Your task: Print, word for word, every line from the beginning of the listing up to and including the line with "Paquete: chaleco táctico". Pictures are to be excluded.

Supplied data:
-=-=-=-=-
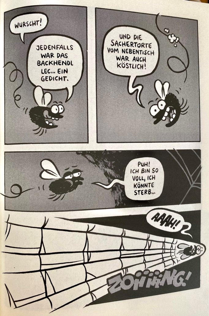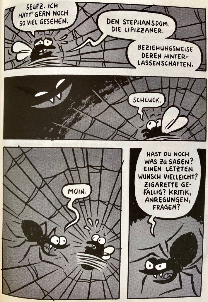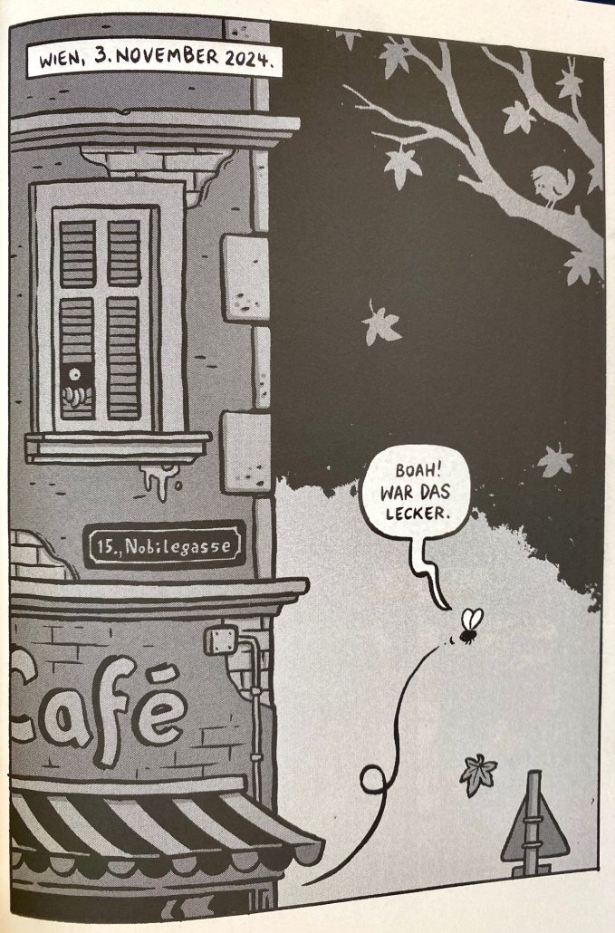 Michael Hacker begann ‚Speiserest in Peace‘ während des 24-Hour Comics Day im November 2024 in Wien. Obwohl er die Geschichte nicht innerhalb der vorgegebenen 24 Stunden abschließen konnte, entschloss er sich, die restlichen Seiten in den darauffolgenden Monaten fertigzustellen. Bon appetit.
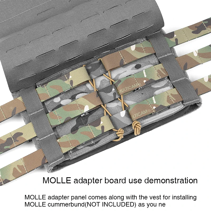 Paquete: chaleco táctico * 1, panel adaptador MOLLE * 1, faja de liberación rápida * 2 (la placa no está incluida).
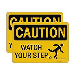- Watch Your Step Sign Caution Sign uses aluminum metal which is more durable and environmentally friendly than other materials.The bright yellow main color of this sign can attract everyone’s attention, even at night. Size: 10 inches x 7 inches, Conspicuous words.Package:2 signs for Be careful of wet floors and stairs. excluding attachment accessories such as screws, zip ties, nails ect.Material: Made out of Heavy Duty Rustproof Durable .040 Aluminum. No magnetism, will not affect electronic equipment.Can do whatever you want, High quality reflective film. Installation: Pre-drilled holes in the four corners and can be easily mounted on any surface. Market School Hospital.....Durable and No Fading: Anti corrosion/Ultraviolet, waterproof, weatherproof, Rust free and fade resistant. no matter it is windy or rainy, thunder or snow will not affect the sign.Warranty: Service life up To 7 Years indoor & outdoor use.Worry-free 2 years warranty and 7 days 24 hours online customer service. T&R is committed to using products to bring practicality and happiness to customers.
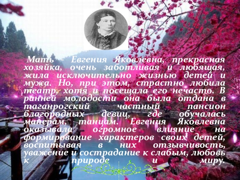 исключительно жизнью детей и мужа. Но, при этом, страстно любила театр, хотя и посещала его нечасто. В ранней молодости она была отдана в таганрогский частный пансион благородных девиц, где обучалась манерам, танцам. Евгения Яковлевна оказывала огромное влияние на формирование характеров своих детей, воспитывая в них отзывчивость, уважение и сострадание к слабым, любовь к природе и миру.
-=-=-=-=-
Answer to this exercise:
 Michael Hacker begann ‚Speiserest in Peace‘ während des 24-Hour Comics Day im November 2024 in Wien. Obwohl er die Geschichte nicht innerhalb der vorgegebenen 24 Stunden abschließen konnte, entschloss er sich, die restlichen Seiten in den darauffolgenden Monaten fertigzustellen. Bon appetit.
 Paquete: chaleco táctico * 1, panel adaptador MOLLE * 1, faja de liberación rápida * 2 (la placa no está incluida).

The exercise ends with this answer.